Here, we are sending data to the /embeddings/text/store endpoint. This endpoint is responsible for storing the text data in the vector database. We store the data itself, as well as metadata about the source of the data - the source name, the source id, and the modification date.

3. Query the LLM again

Now we can query the LLM again and ask for the same information, which it now has access to:

curl \
    -i \
    -X POST \
    --no-buffer \
    -b cookies.tmp.txt -c cookies.tmp.txt \
    -H 'Content-Type: application/json' \
    -d '{"message": "What headphones are recommended by the company?"}' \
    http://localhost:8080/chat/ask

This time, you shold see a response from the LLM that includes the information we added to the vector database.

Other API Endpoints

You can delete a source using the /embeddings/text/delete endpoint:

curl \
    -i \
    -X DELETE \
    --no-buffer \
    -b cookies.tmp.txt -c cookies.tmp.txt \
    -H 'Content-Type: application/json' \
    -d '{"source_id": "1001"}' \
    http://localhost:8080/embeddings/text/delete

Other Configuration

Using a Different Vector DB

Currently, the project supports Chroma and Milvus, with plans to add more vector databases in the future. By default, Milvus is used, but switching to another supported database is simple:

  1. Open app/databases/vector/__init__.py and update the VectorDB assignment. For example, to switch to Chroma:
    from app.databases.vector.chroma import Chroma
    # from app.databases.vector.milvus import Milvus
    
    VectorDB = Chroma
  2. When running docker compose, use the docker-compose configuration file that matches the database you’ve chosen. For example, to use Chroma:
    docker compose \
        -f docker-compose.yml \
        -f docker-compose.chromadb.yml \
        up -d --build

Testing

To run the tests, use the following command:

docker exec -it fastapi bash -c "pytest app/"

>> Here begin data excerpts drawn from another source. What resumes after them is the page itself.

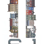 The second instalment of the George Street strip of St. John’s, Newfoundland, as seen from the west end looking east in the year 2000. Done in the same architectural caricature style as the first George Street painting.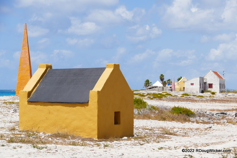 The obelisk pictured below is one of four that were constructed to guide ships. They were color coded — red, white, blue, and orange. Ship captains would view a colored flag flying from the fort in Kralendijk, then sail to the correspondingly colored obelisk to pick up their salt load.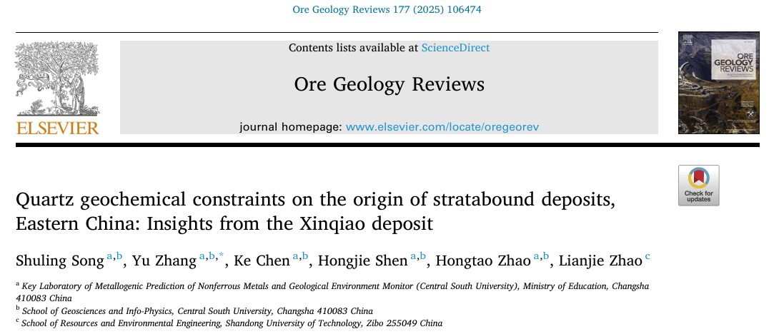 近日,有色金属成矿预测与地质环境监测教育部重点实验室(中南大学)在Ore Geology Reviews期刊发表了题为“Quartz geochemical constraints on the origin of stratabound deposits, Eastern China: Insights from the Xinqiao deposit”(《石英地球化学层状矿床成因的制约:来自中国东部新桥矿床的启示》)的最新研究成果,该研究结果突显了石英内部结构和微量元素地球化学在揭示矿化过程中的应用价值,并为长江中下游成矿带层状矿床及全球类似成矿环境中的矿床成因提供了新的见解。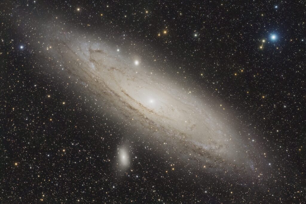 In the photo you can see how much real estate the object occupies in space, filling the entire field of view. The challenge with imaging this beauty is maintaining enough dynamic range to capture detail at the core and the faint nebulosity on the edge. I like the beautiful blue star in the corner, and you can also marvel at the satellite galaxy, a curious companion orbiting like a loyal little brother. I spent several nights under good skies capturing 20 hours of total exposures which significantly improves signal to noise ratio as you can see in the photo.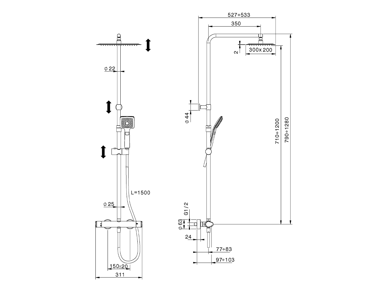 Columna termostática ducha 2 funciones,deviastop 2 salidas,columna telescópica,soporte duchita corredizo,duchita 3 funciones Ø 96x96 mm de ABS,rociador rectangular 300x200x2 mm de Inox,flexible liso SUPREME 150 cm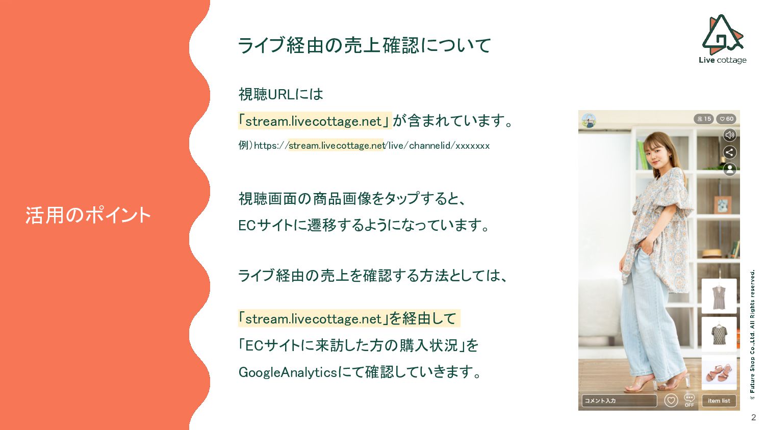 2 視聴画面の商品画像をタップすると、 ECサイトに遷移するようになっています。 活用のポイント ライブ経由の売上確認について ライブ経由の売上を確認する方法としては、 視聴URLには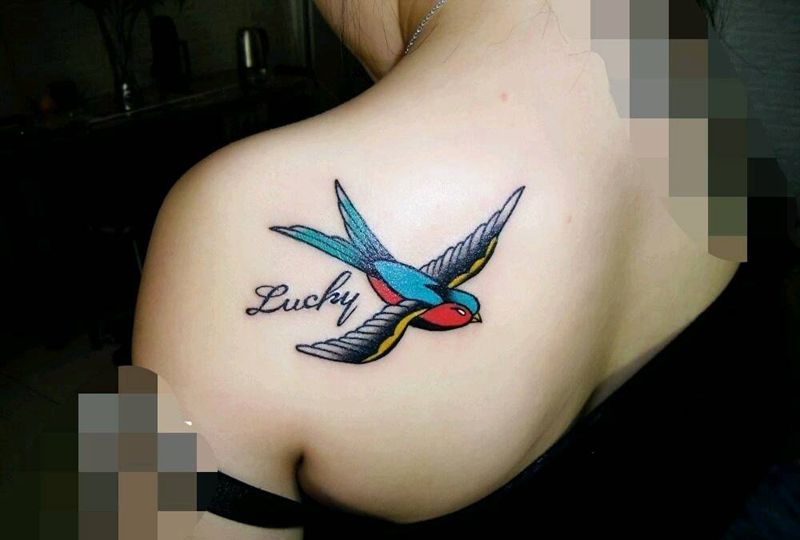 彩色燕子纹身图片_肩部背部New SchoolOld School女师鲅鱼圈悦染馆纹身图案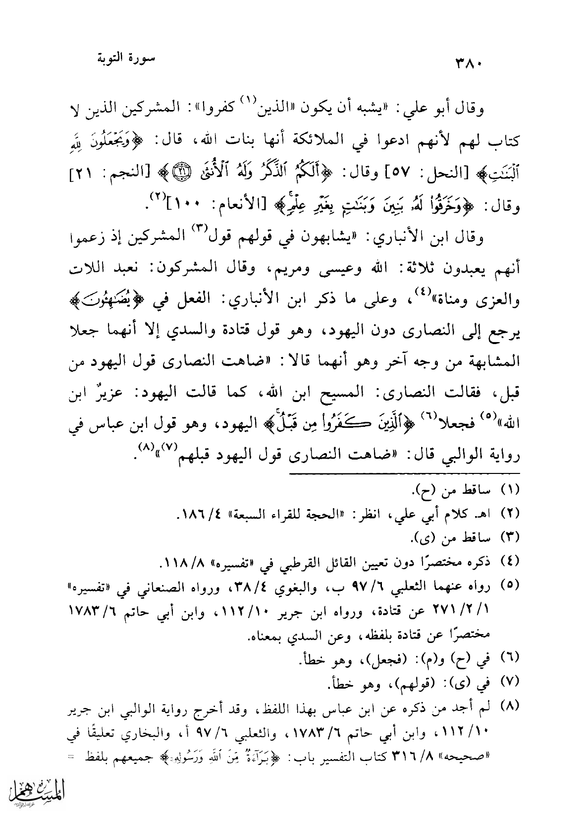 وقال أبو علي: "يشبه أن يكون "الذين (¬1) كفروا": المشركين الذين لا كتاب لهم لأنهم ادعوا في الملائكة أنها بنات الله، قال: {وَيَجْعَلُونَ لِلَّهِ الْبَنَاتِ} [النحل: 57] وقال: {أَلَكُمُ الذَّكَرُ وَلَهُ الْأُنْثَى (21)} [النجم: 21] وقال: {وَخَرَقُوا لَهُ بَنِينَ وَبَنَاتٍ بِغَيْرِ عِلْمٍ} [الأنعام: 100] (¬2).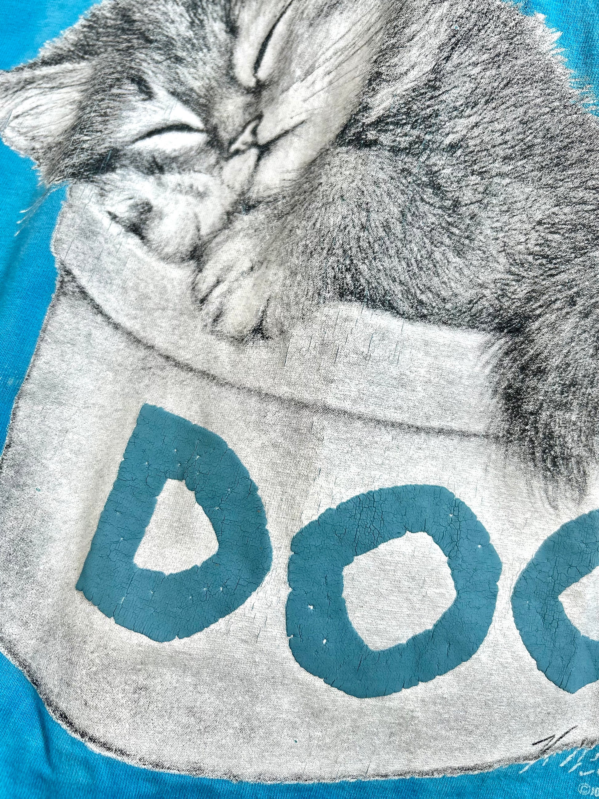 ブルータイダイボディにお休み中の小猫のプリントが可愛い一着。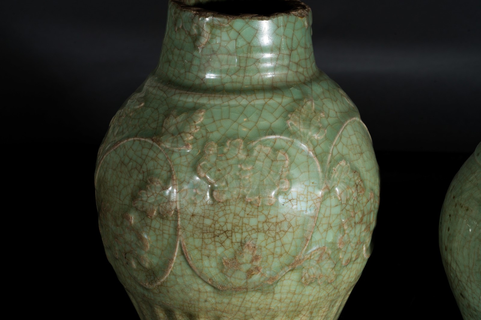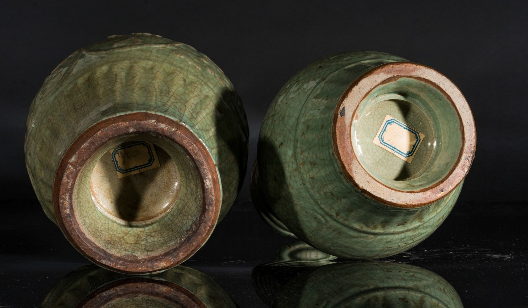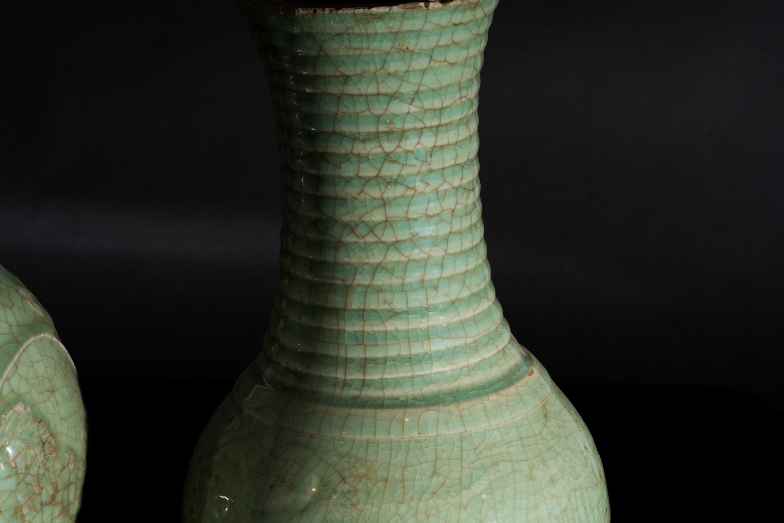 Chinese Art Two celadon glazed baluster vases China, Yuan dynasty . . Cm 34,00 x 43,00.

For faster test execution, at the expense of cleaner output, you can add the -n option to parallelize tests across multiple workers:

docker exec -it fastapi bash -c "pytest -n 5 app/"

In this example, 5 parallel workers will execute the tests.

Deploying to Production

A more complete guide to deploying to production will be added later.

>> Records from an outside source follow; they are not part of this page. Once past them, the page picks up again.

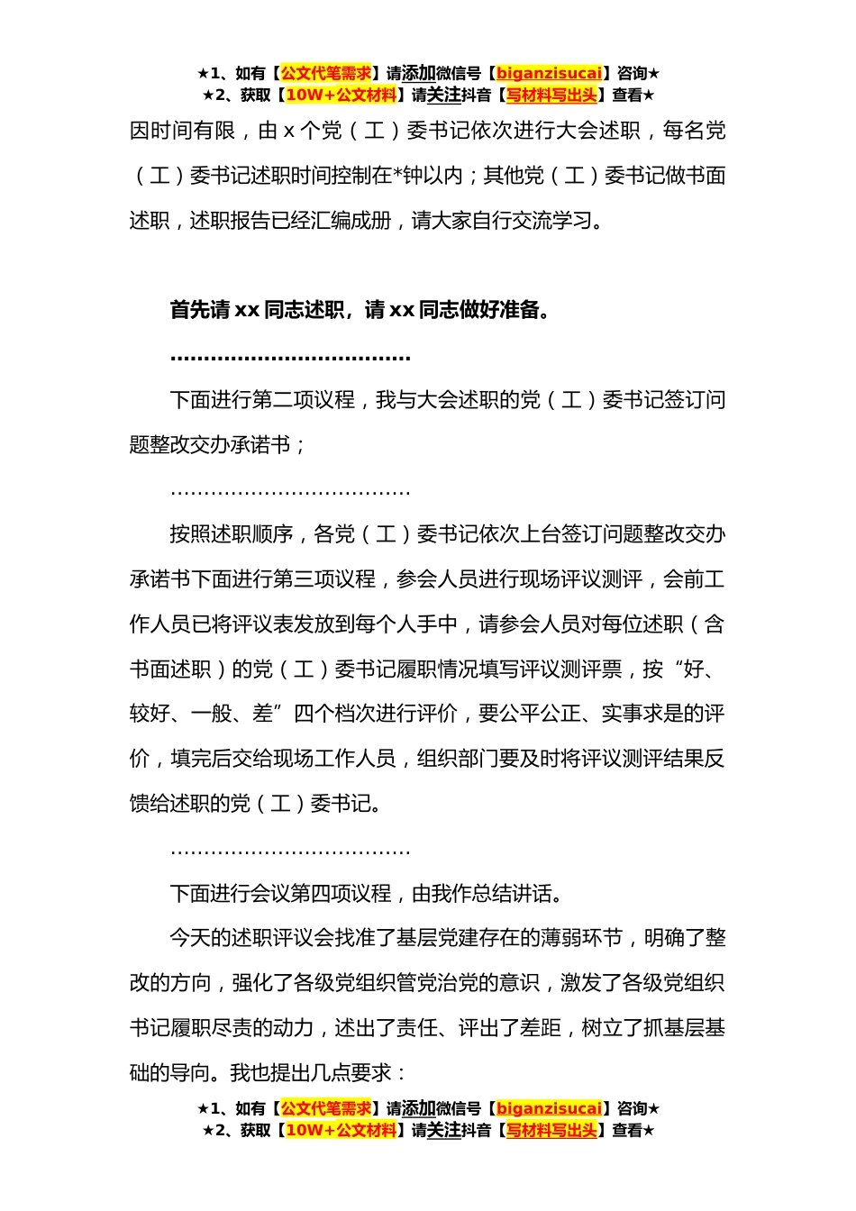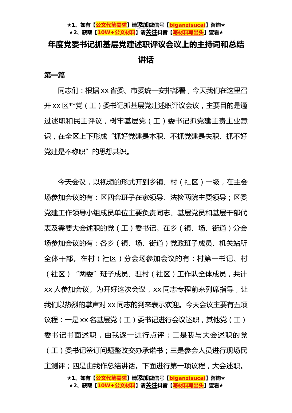 ★1、如有【公文代笔需求】请添加微信号【biganzisucai】咨询★★2、获取【10W+公文材料】请关注抖音【写材料写出头】查看★年度党委书记抓基层党建述职评议会议上的主持词和总结讲话第一篇同志们:根据xx省委、市委统一安排部署,今天我们在这里召开xx区**党(工)委书记抓基层党建述职评议会议,主要目的是通过述职和民主评议,树牢基层党(工)委书记抓党建主责主业意识,在全区上下形成“抓好党建是本职、不抓党建是失职、抓不好党建是不称职”的思想共识。今天会议,以视频的形式开到乡镇、村(社区)一级,在主会场参加会议的有:区四套班子在家领导、法检两院主要领导;区委党建工作领导小组成员单位主要负责同志、基层党员和基层干部代表及需要大会述职的党(工)委书记。在乡(镇、场、街道)分会场参加...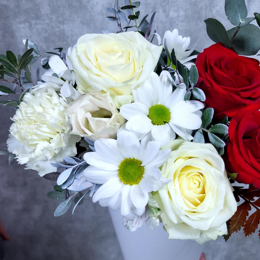 Хризантема кустовая – 1 шт.Роза – 5 шт.Гвоздика – 1 шт.Фисташка – 1 шт.Шляпная коробка – 1 шт.Оазис флористический – 1 шт.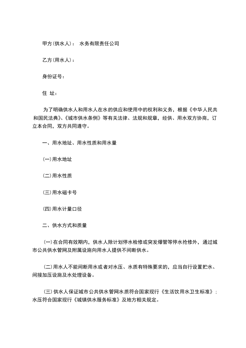 为了明确供水人和用水人在水的供应和使用中的权利和义务,根据《中华人民共和国民法典》、《城市供水条例》等有关法律、法规和规章,经供、用水双方协商,订立本合同,双方共同遵守。
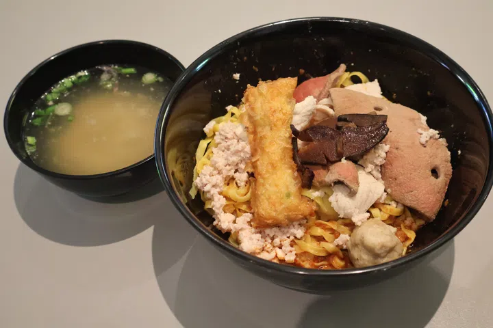 There was a generous amount of minced meat and pork slices, as well as two big liver slices that were cooked just right. There was also a large fishcake, one meatball, and plenty of mushrooms that ensured that every bite had a bit of something. The chilli mixed with the noodles was not too spicy, and the accompanying soup was extremely flavourful.

For now, you can check the notes in prod/README.md and the other files in that directory.

Running Jupyter Notebook

When starting the project locally (following the instructions above), a Jupyter Lab server will automatically start. The server configuration is defined in docker-compose.yml.

To access Jupyter Lab, open http://localhost:8890 in your web browser. On your first visit, you’ll need to provide a login token. You can retrieve the token from the logs of the jupyter Docker container by running:

docker logs jupyter 2>&1 | grep token= | tail -n 1 | grep -E '=.+$'

After logging in, navigate to /work/notebooks to access the existing notebooks or create new ones.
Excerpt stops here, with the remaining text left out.